Exercise description
Copy the listing below letter for letter, passing over each picture.

Top of Raw data

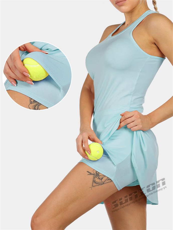【 商品スペック】■素材:ナイロン、スパンデックス■セット内容:ワンピース+ショーツ■産地:中国■仕様:◇吸汗速乾&UPF50&遮熱&制電◇春夏にぴったりな爽やかテニスワンピース◇体型カバーシルエットで体型を気にすることなくプレイできます。
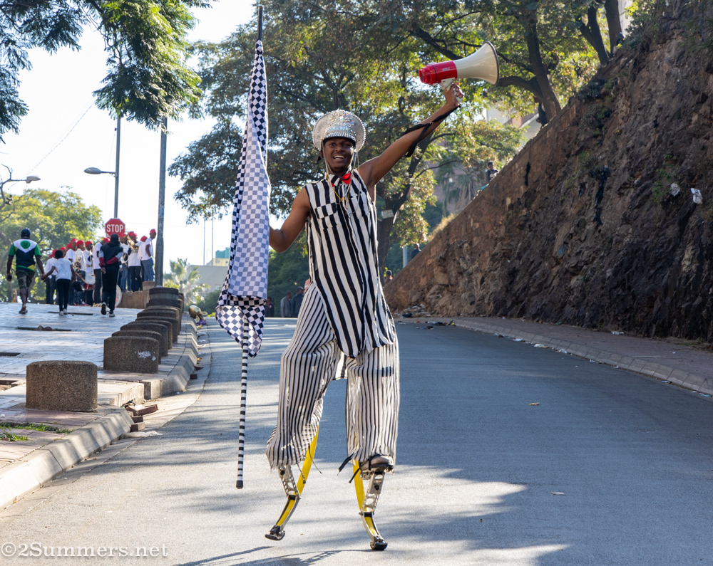 A girl waves a flag during the "Hey Hillbrow! Let’s Dlala!" parade last Saturday. "Dlala" means "play" in isiXhosa.One of the leaders of Hey Hillbrow! climbing the iconic Nugget Hill (on stilts).
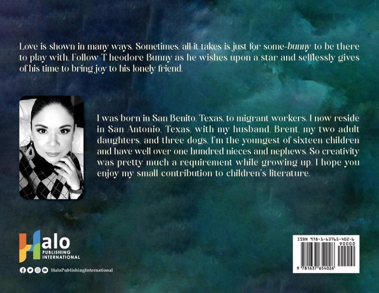 I was born in San Benito, Texas, to migrant workers. I now reside in San Antonio, Texas, with my husband, Brent, my two adult daughters, and three dogs. I'm the youngest of sixteen children and have well over one hundred nieces and nephews. So creativity was pretty much a requirement while growing up. I hope you enjoy my small contribution to children's literature.

Bottom of Raw data

Response for this exercise
【 商品スペック】■素材:ナイロン、スパンデックス■セット内容:ワンピース+ショーツ■産地:中国■仕様:◇吸汗速乾&UPF50&遮熱&制電◇春夏にぴったりな爽やかテニスワンピース◇体型カバーシルエットで体型を気にすることなくプレイできます。
 A girl waves a flag during the "Hey Hillbrow! Let’s Dlala!" parade last Saturday. "Dlala" means "play" in isiXhosa.One of the leaders of Hey Hillbrow! climbing the iconic Nugget Hill (on stilts).
 I was born in San Benito, Texas, to migrant workers. I now reside in San Antonio, Texas, with my husband, Brent, my two adult daughters, and three dogs. I'm the youngest of sixteen children and have well over one hundred nieces and nephews. So creativity was pretty much a requirement while growing up. I hope you enjoy my small contribution to children's literature.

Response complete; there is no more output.